Het Europees Parlement is voorstander van meer synergie tussen de structuurfondsen en andere EU-programma’s, maar met beperkingen ten opzichte van het voorstel van de Europese Commissie. Dat blijkt uit het rapport over de gemeenschappelijke bepalingen voor het cohesiebeleid post 2020 dat het Parlement heeft aangenomen. Ook wil het Parlement dat het budget minstens evenveel bedraagt als in de huidige programmaperiode, in tegenstelling tot de voorgestelde bezuiniging van de Commissie.

Cohesiebeleid post 2020: EP zet in op behoud budget en meer synergie

Meer synergie en een even hoog budget voor 2021-2027

Het Parlement is het eens met de Commissie dat meer synergie mogelijk moet worden gemaakt tussen de cohesiefondsen en andere EU-programma’s.

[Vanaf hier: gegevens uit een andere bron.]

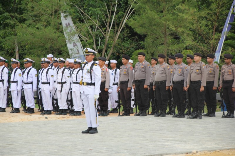 Bertindak sebagai inspektur upacara Komandan Lanal Kotabaru, Letkol Laut (E)Joko Ardianto, S. TAPI., M. Tr. Hanya, pjurit Lanal Kotabaru melaksanakan upacara di Bertindak sebagai Komandan Upacara Pasops Lanal Kotabaru Kapten Laut (P) Priyono.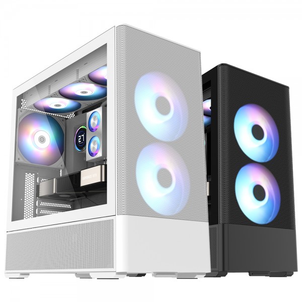 ATX 케이스 / 지원보드규격 : ATX , M-ATX , ITX / VGA 길이 : 400mm / CPU쿨러 높이 : 179mm / 미들타워 / [패널] 전면 패널 타입 : 메쉬 / 측면 패널 타입 : 강화유리 / 측면 개폐 방식 : 스윙도어 / [쿨러/튜닝] 쿨링팬 : 총4개 / 후면 : 140mm LED x1 / 전면 : 140mm LED x3 / [크기] 너비(W) : 230mm / 깊이(D) : 470mm / 높이(H) : 492mm / [호환성] 지원파워규격 : 표준-ATX / 파워 장착 길이 : 230mm / 파워 위치 : 하단후면 / RGB 컨트롤 / LED 색상 : RGB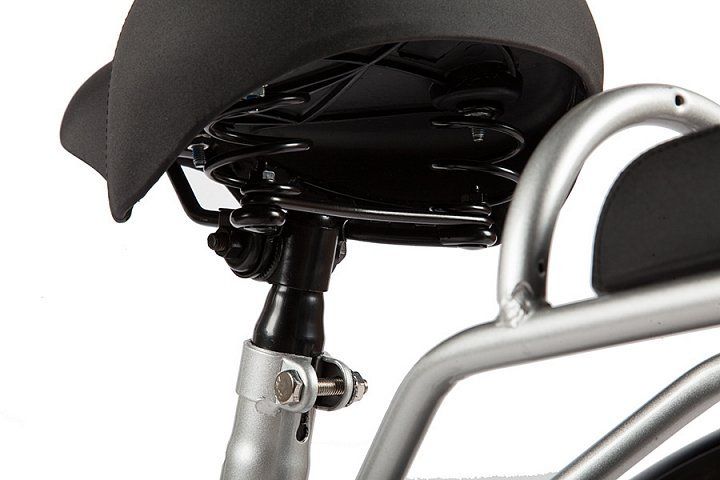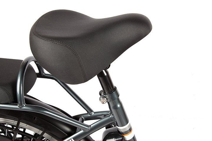 - Удобное сидение багажника позволяет установить на него детское кресло и отправиться в путешествие в компании с совсем юными велолюбителями. При этом пластиковая защита на заднем колесе поможет избежать попадания посторонних предметов в спицы.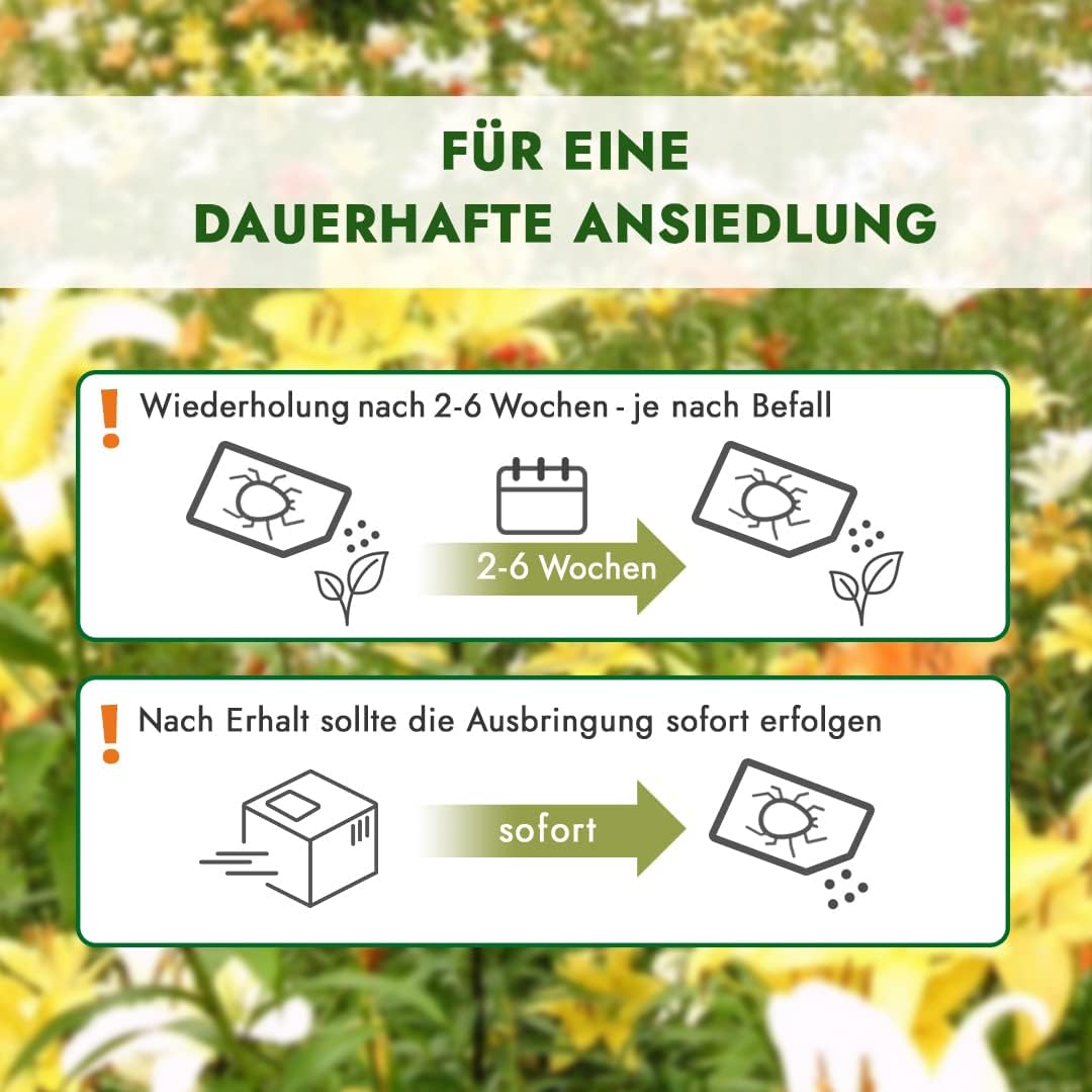 Der Nützlingseinsatz sollte je nach Befall nach etwa 2-6 Wochen wiederholt werden um das beste Resultat zu erhalten und zwar – ein Schädlingsfreies Gebiet.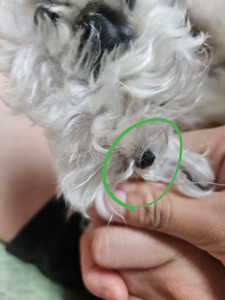 사진이 흐릿하고 털에 감춰져 정확한 판단이 어렵습니다. 동물병원에 데려가서 육안 평가를 받으시기 바랍니다.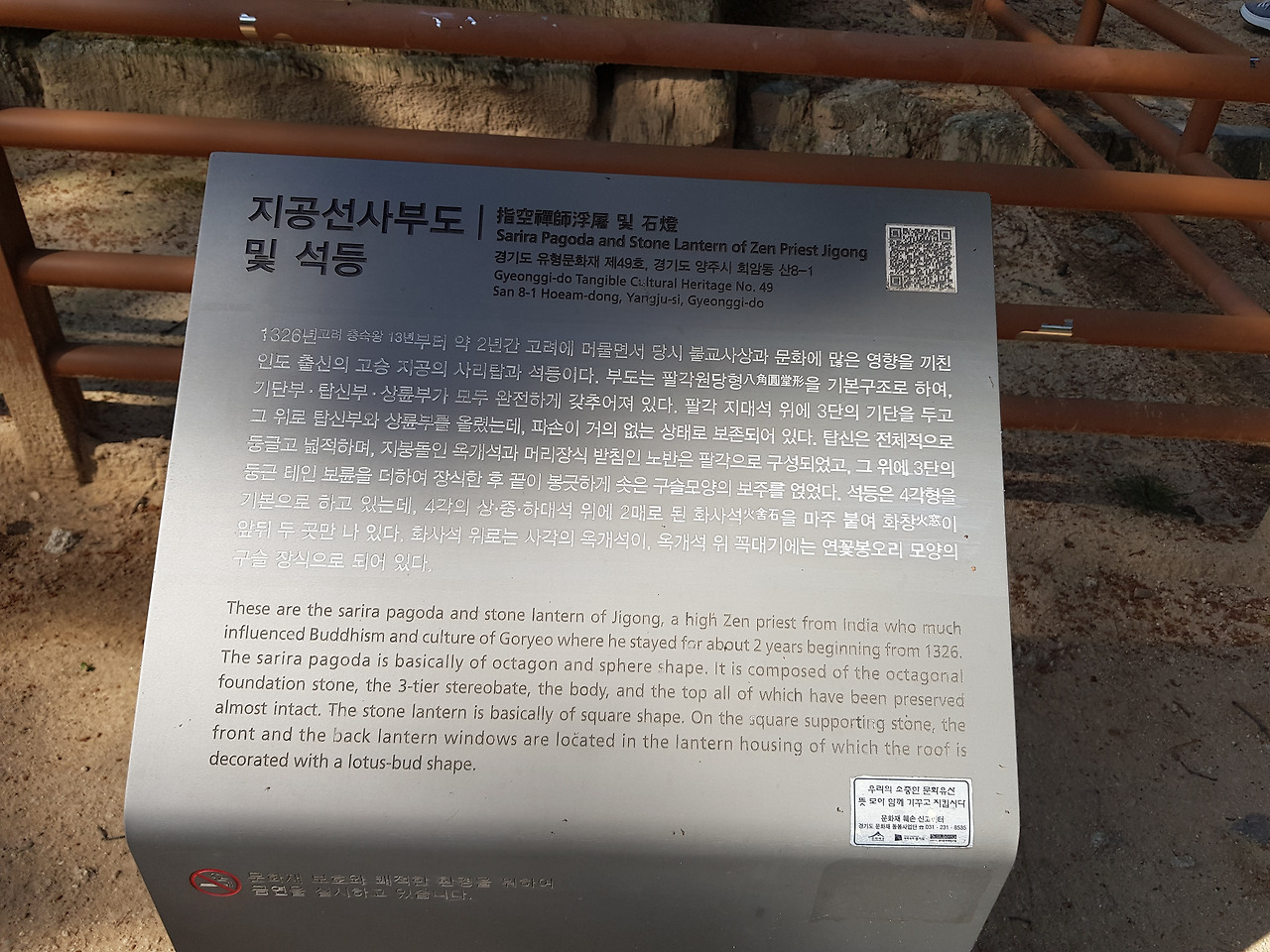 후에 지어진 회암사로 자리를 옮겨 지공 스님, 나옹스님, 무학대사의 부도와 석등, 탑 등을 둘러보았다. 햇빛은 뜨거워지고 강렬해졌지만 사이사이 땀을 식혀가며 답사 대장님의 설명을 들으니 어느새 녹음이 더위를 가라앉혀 주고 있었다.
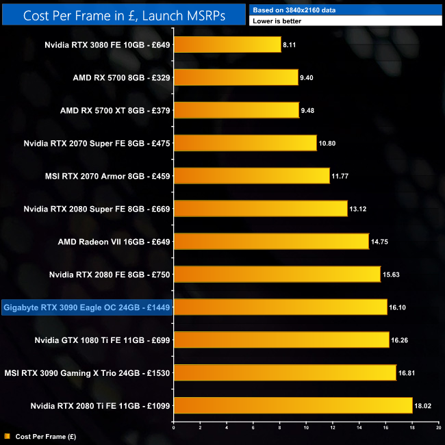 Overall value of the RTX 3090 is poor, of that there is no doubt – RTX 3080 is almost half as cheap in terms of its cost per frame. The irony is that, even at a price close to £1500, the GPU still delivers better value than the RTX 2080 Ti.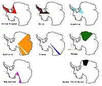 Atualmente há sete nações reivindicantes que mantêm uma reivindicação territorial em oito territórios na Antártida. Estes países procuraram instalar bases de observações científicas e estudos nos territórios reivindicados.[2]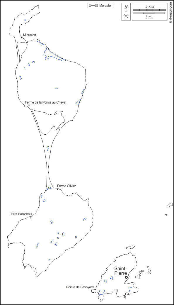 d-maps > Europa > Frankreich > Saint-Pierre-et-Miquelon > Grenzen, Hydrografie, Wichtige Städte, Namen, weiß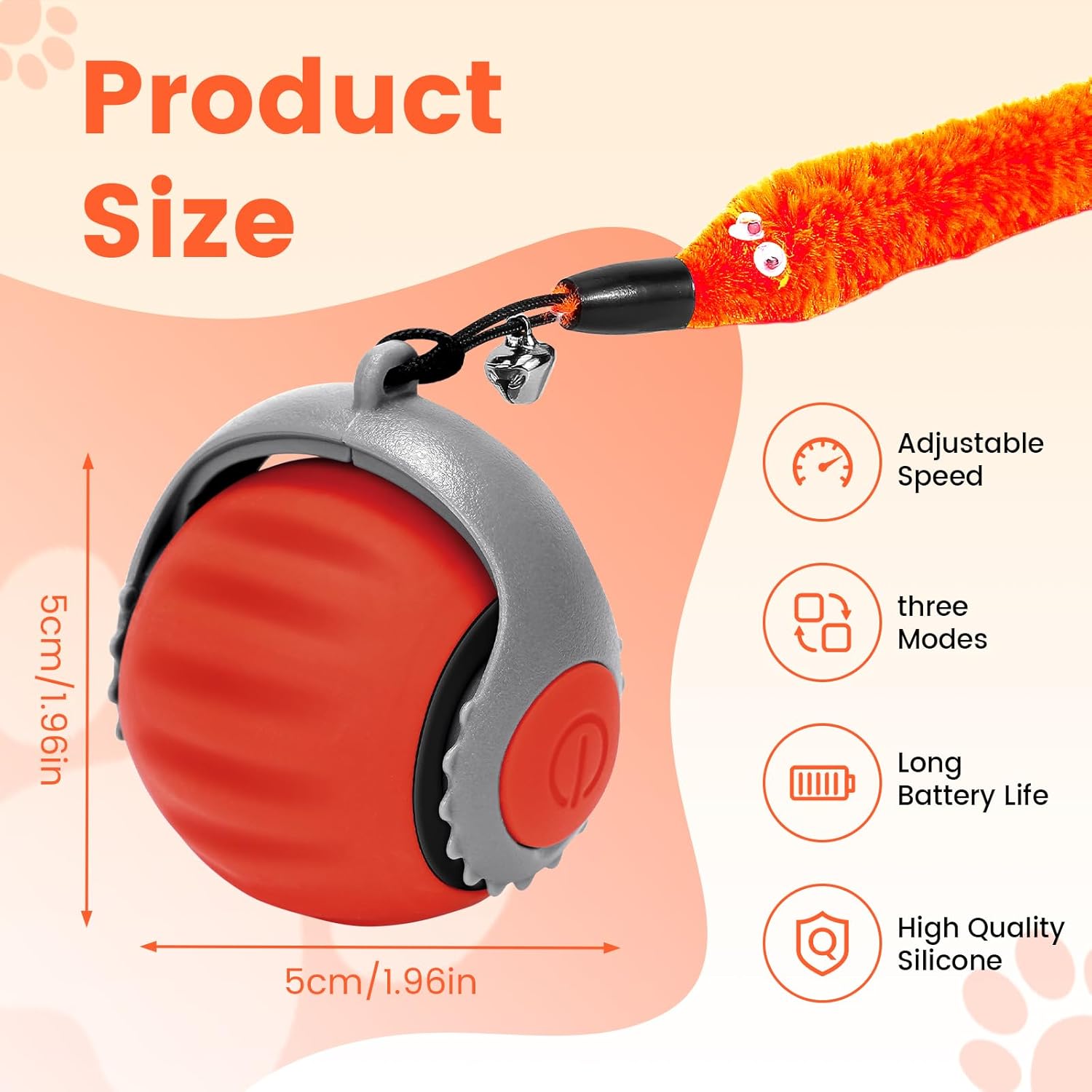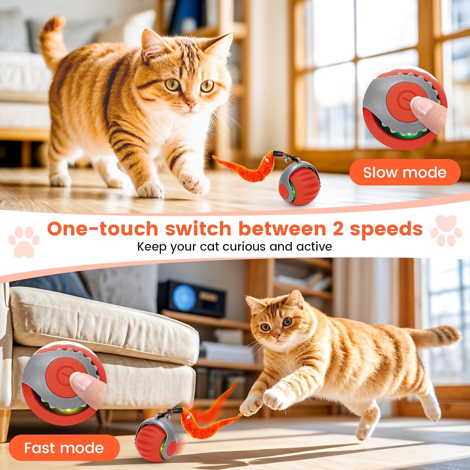 • Регулируеми две скорости: с две опции за скорост, тази играчка-топка за котки може да се регулира според енергийните нужди на вашата котка. Лесно превключвайте между ниска и висока скорост, като натиснете бутона за захранване, което я прави идеална както за любопитни котенца, така и за игриви възрастни котки.

Dit blijkt uit het rapport over de verordening voor gemeenschappelijke bepalingen voor de structuurfondsen post 2020, dat het Parlement aangenomen heeft. Wel beperkt zij het voorstel van de Commissie dat hiertoe zou moeten leiden. Ook wil zij het huidige budget van 378,1 miljard euro behouden in de nieuwe programmaperiode. De Commissie had in haar voorstel voor de EU-begroting voor 2021-2027 juist een bezuiniging voorzien voor de structuurfondsen. Daarnaast wil het Parlement de cofinancieringspercentages verhogen ten opzichte van het voorstel van de Commissie.  

EP geen voorstander van overhevelen cohesiebudget

Complementariteit en synergie tussen de cohesiefondsen en andere Europese instrumenten worden nodig geacht, aldus het Parlement. Zij zou graag een link zien tussen de inzet van cohesiefondsen en projecten die gefinancierd worden in het kader van Horizon Europa. Het Parlement is echter geen voorstander van de mogelijkheid om delen van het toegewezen cohesiebudget over te hevelen naar een ander EU-fonds, zoals InvestEU of Horizon Europe. Dit was één van de voorstellen van de Commissie. Deze mogelijkheid wordt door het Parlement beperkt; alleen in specifieke gevallen kan een lidstaat beslissen middelen van de structuurfondsen in te zetten voor een project onder Horizon Europe, indien dit past in de regionale strategie.

Sterkere link met EU-beleidsdoelen, maar niet met het Europees Semester

De landenspecifieke aanbevelingen voor economisch beleid mogen van het Parlement geen voorwaarde vormen voor financiering uit de cohesiefondsen: zij verwerpt het voorstel van de Commissie om de link tussen cohesiebeleid en het Europees Semester te versterken. Het Parlement is daarentegen wel van mening dat het de prioriteiten van het nieuwe cohesieprogramma meer verbonden moet zijn met overkoepelende EU-beleidsdoelen en de SDGs. Zij benadrukt in het voorstel dat het cohesiebeleid het concurrentievermogen van de EU moet bevorderen door meer in te zetten op innovatie, digitalisering, de versterking van het middel -en kleine bedrijf in de regio en de transitie naar een koolstofeconomie. Ook wordt meer aandacht besteed aan energie, milieukwaliteit, klimaatverandering, slimme en duurzame mobiliteit.

Context

In mei 2018 presenteerde de Commissie haar voorstel voor het cohesiebeleid na 2020. Dit rapport bevat het standpunt van het Parlement voor de Verordening Gemeenschappelijke Bepalingen, die de overkoepelende regels bevatten voor het cohesiebeleid. Deze bepalingen zullen van toepassing zijn op onder andere het Europees Fonds voor de Regionale Ontwikkeling, het Cohesiefonds en het Europees Sociaal Fonds (EFS+).  Eerder nam het Parlement al een standpunt in over de verordening voor interregionale samenwerking de verordening voor interregionale samenwerking: INTERREG. De bal ligt nu bij de Raad. Het Roemeens voorzitterschap heeft aangekondigd van cohesiebeleid een prioriteit te willen maken.